Дон-Кихот двинулся вперед, и когда проехал шагов двести, он нашел массу, которая отбрасывала большую тень. Он увидал большую башню и сейчас узнал, что это не алказар, а церковь местного прихода.
– Это мы увидали церковь, Санчо, – сказал он.
– Я сам это хорошо вижу, – отвечал Санчо, – и дай Бог, чтобы мы не увидали также нашу могилу: в такой час ходить по кладбищу плохое предзнаменование. И говорил же я вашей милости, если память мне не изменяет, что дом этой дамы находится в тупом переулке.
– Да будешь ты проклят Богом! – воскликнул Дон-Кихот. – Где ты видел, негодяй, чтобы алказары и королевские дворцы помещались в тупых переулках?
– Сударь, – отвечал Санчо, – что город, то норов: может быть в Тобозо и принято строить в тупых переулках дворцы и большие здания.
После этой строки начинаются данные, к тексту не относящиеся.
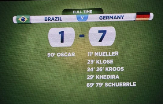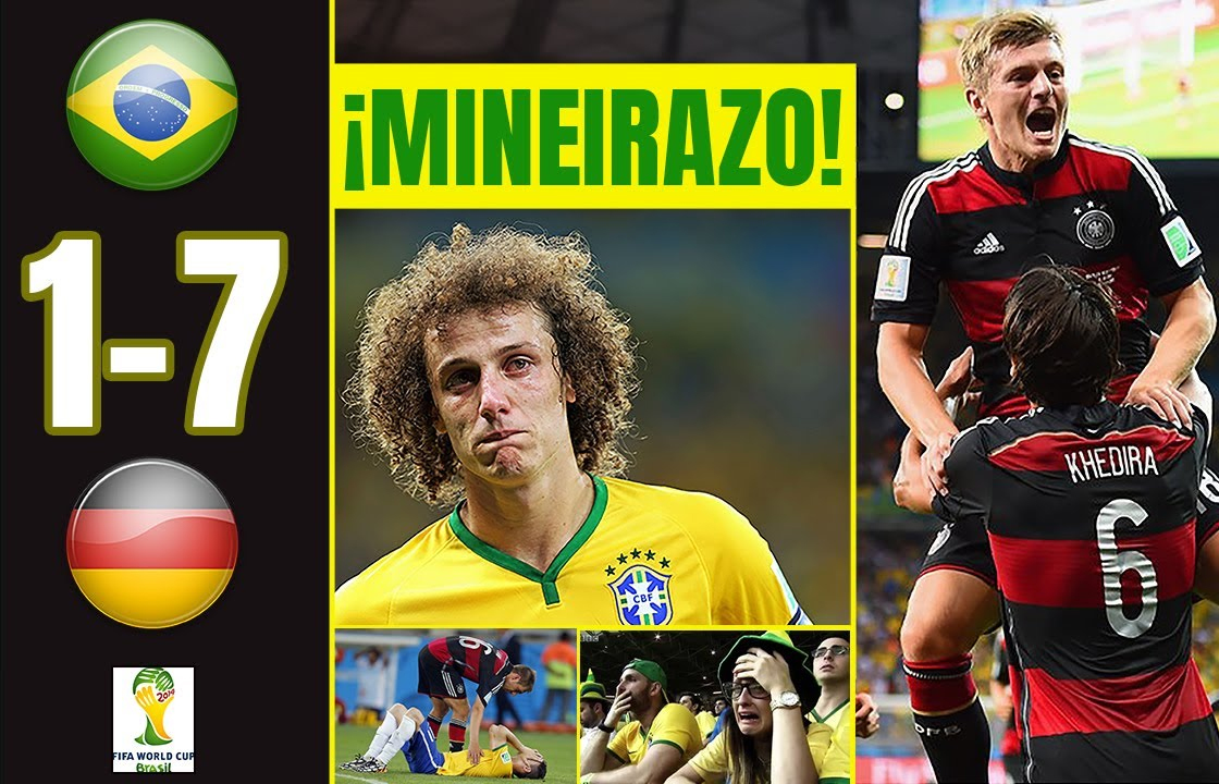 2014 – BRASIL 1 ALEMANIA 7. La selección de Alemania golea por 7-1 a Brasil en partido de semifinales del Mundial de 2014 disputado en el estadio Mineirao de la ciudad de Belo Horizonte. Fue la peor derrota de Brasil en su historia y cortó una racha de 39 años sin derrotas de los brasileños como locales en un torneo oficial.
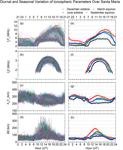 图二:巴西圣玛利亚地区电离层参数日间和季节性变化。其中(a)~(d)分别是圣玛利亚台站数字测高仪foF2,foE,hmF2和B0等参数单日叠加图;(e)~(h)分别是十二月份(红),三月份(绿),六月份(黑)和九月份(蓝)的foF2,foE,hmF2和B0参数月平均值
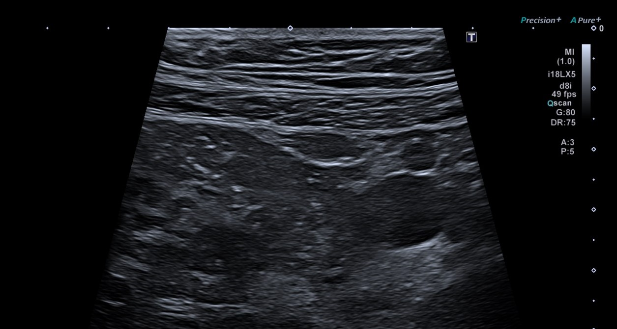 Ecografía partes blandas: En localización infraumbilical, sin aparente dependencia de estructuras profundas ni modificación en maniobra de Valsalva, lesión hipoecoica bilobulada (4,3 x 8,5 x 7,1 mm) con aparente conexión hacia región vesical, sobre la que no se demuestra vascularización, inespecífica, que podría corresponder a seno uracal, sin poder descartar sobreinfección asociada.

Умоляю вашу милость позволить мне поискать по улицам и переулкам, которые я увижу пред собою; может быть в каком-нибудь уголке я и найду этот алказар, чтоб его собаки съели – так он мне надоел.
– Говори, Санчо, с уважением о предметах, принадлежащих моей даме, – сказал Дон-Кихот. – Проведем праздник в мире и не будем отчаиваться в успехе.
– Я буду держать язык за зубами, – заметил Санчо; – но как же я могу перенести равнодушно то, что ваша милость требуете во что бы то ни стало, чтобы я сразу узнал дом нашей госпожи, который я видел один только раз, и чтобы я нашел его среди ночи, когда вы сами не находите его, хотя видели его тысячи раз.
– Ты приведешь меня в отчаяние, Санчо! – воскликнул Дон-Кихот. – Слушай, еретик, не говорил ли я тебе тысячи раз, что я никогда в жизни не видал несравненной Дульцинеи, что я никогда не переступал порога ее дворца, что, наконец, я влюблен только понаслышке и по той славе, которая распространена о ее красоте и уме.
– Теперь я уже этого не забуду, – отвечал Санчо, – и я говорю, что так как ваша милость ее не видали, то и я тоже ее не видал.